> DATA BELOW:
━━━━━━━━━━━━━━━━━━━━

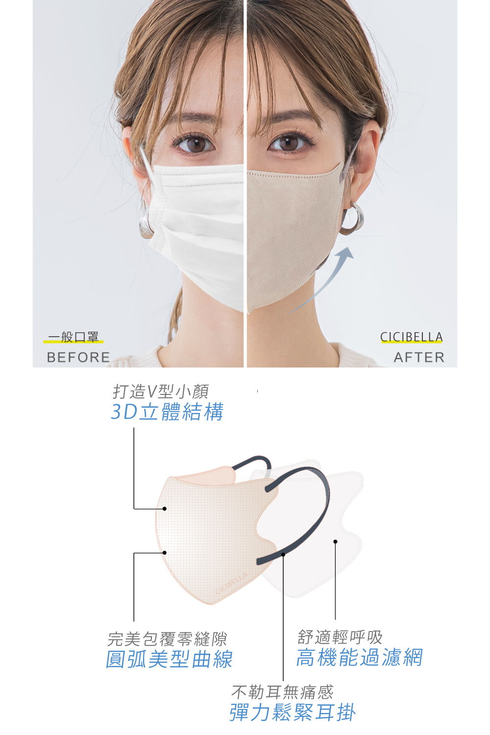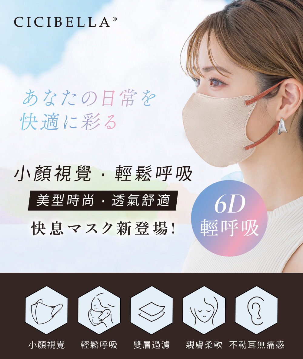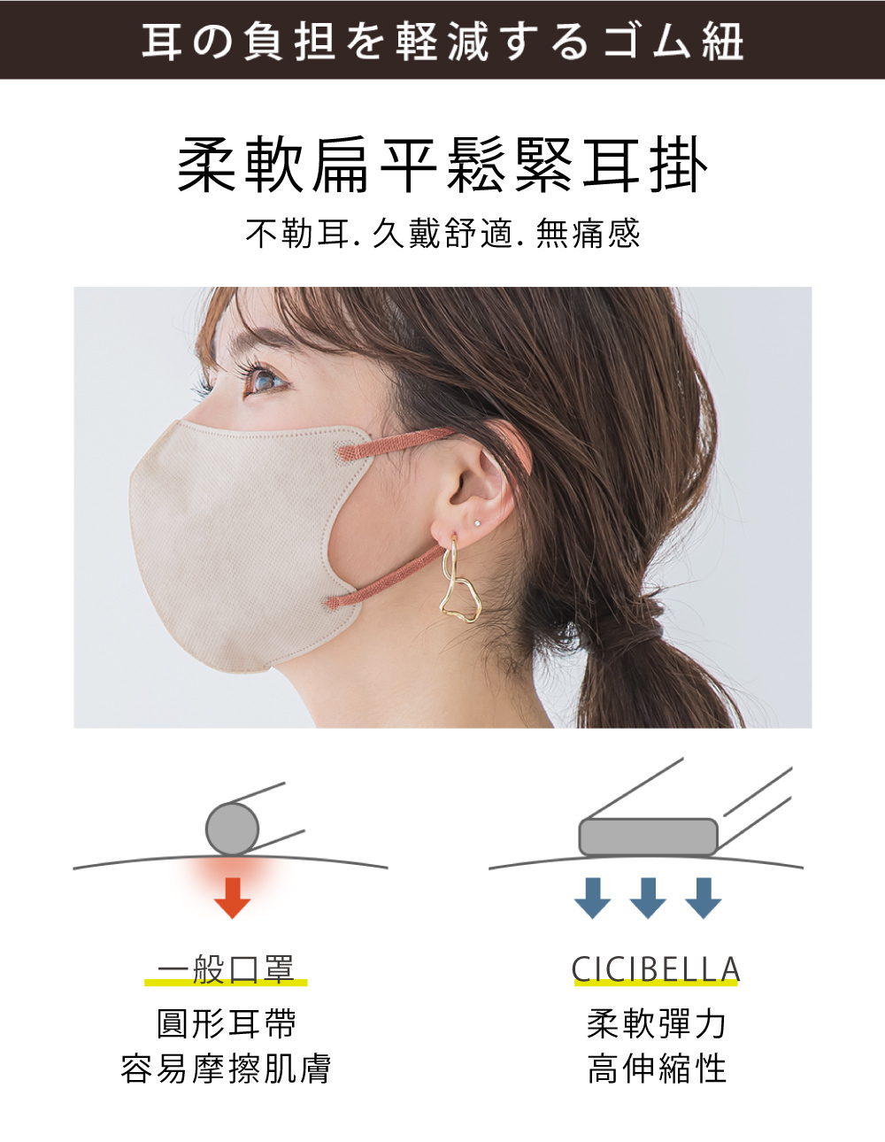 採柔軟的扁平鬆緊帶掛耳,長時間配戴舒適
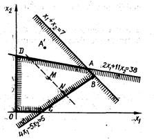 Вирішимо задачу геометрично (мал. 1). Область пошуку екстремума – багатокутник ODABC,
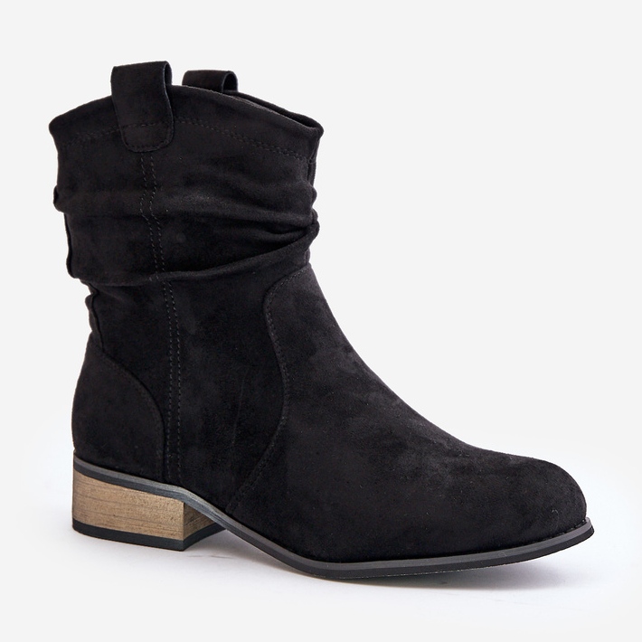Botinele izolate cu tocuri joase, negru, sunt alegerea perfecta pentru zilele mai reci. Realizate din piele intoarsa ecologica de inalta calitate, ofera nu doar un aspect elegant, ci si confort la purtare. Tocul bloc jos, înalt de 4 cm, le face excepțional de confortabile, iar degetele rotunjite adaugă subtilitate.
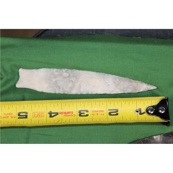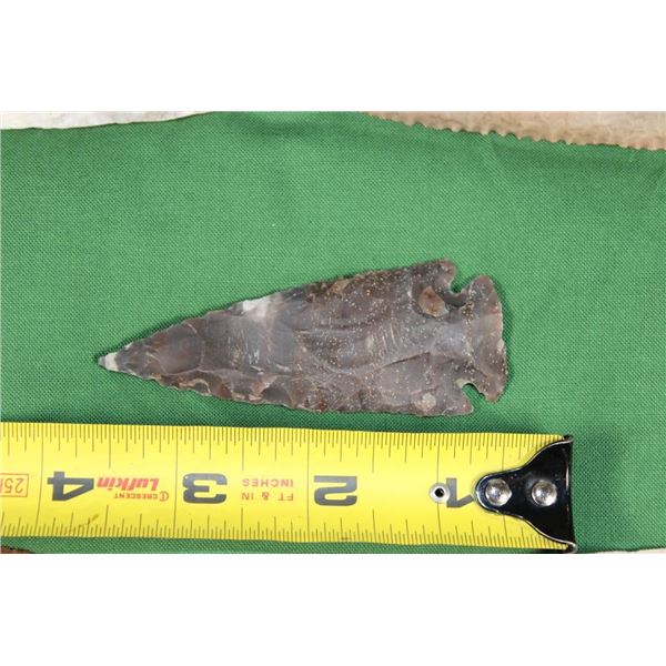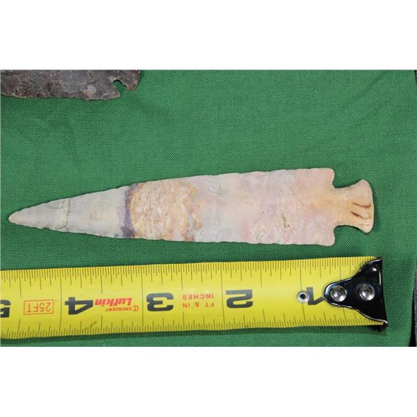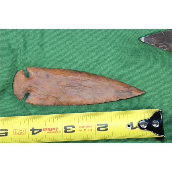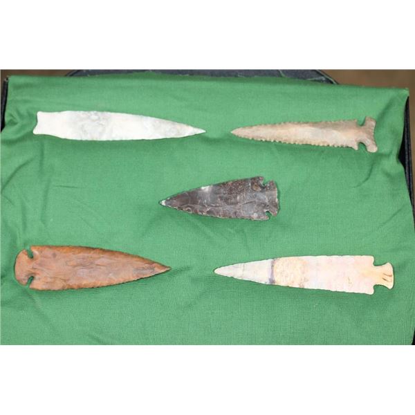 5 Flint Spear Point ARROWHEADS. The Arrowheads measure 3.25" to 4 7/8" Long. They have been displayed in a Case with glass that measures 12" Long x 8" Wide.?These Arrowheads are beautiful and were handcrafted with amazing detail. (ONE$) ARROWHEADS

━━━━━━━━━━━━━━━━━━━━

> TASK GOAL:
Exclude the pictures and print the rest of the data exactly.

> ANSWER SPACE:
 採柔軟的扁平鬆緊帶掛耳,長時間配戴舒適
 Вирішимо задачу геометрично (мал. 1). Область пошуку екстремума – багатокутник ODABC,
Botinele izolate cu tocuri joase, negru, sunt alegerea perfecta pentru zilele mai reci. Realizate din piele intoarsa ecologica de inalta calitate, ofera nu doar un aspect elegant, ci si confort la purtare. Tocul bloc jos, înalt de 4 cm, le face excepțional de confortabile, iar degetele rotunjite adaugă subtilitate.
 5 Flint Spear Point ARROWHEADS. The Arrowheads measure 3.25" to 4 7/8" Long. They have been displayed in a Case with glass that measures 12" Long x 8" Wide.?These Arrowheads are beautiful and were handcrafted with amazing detail. (ONE$) ARROWHEADS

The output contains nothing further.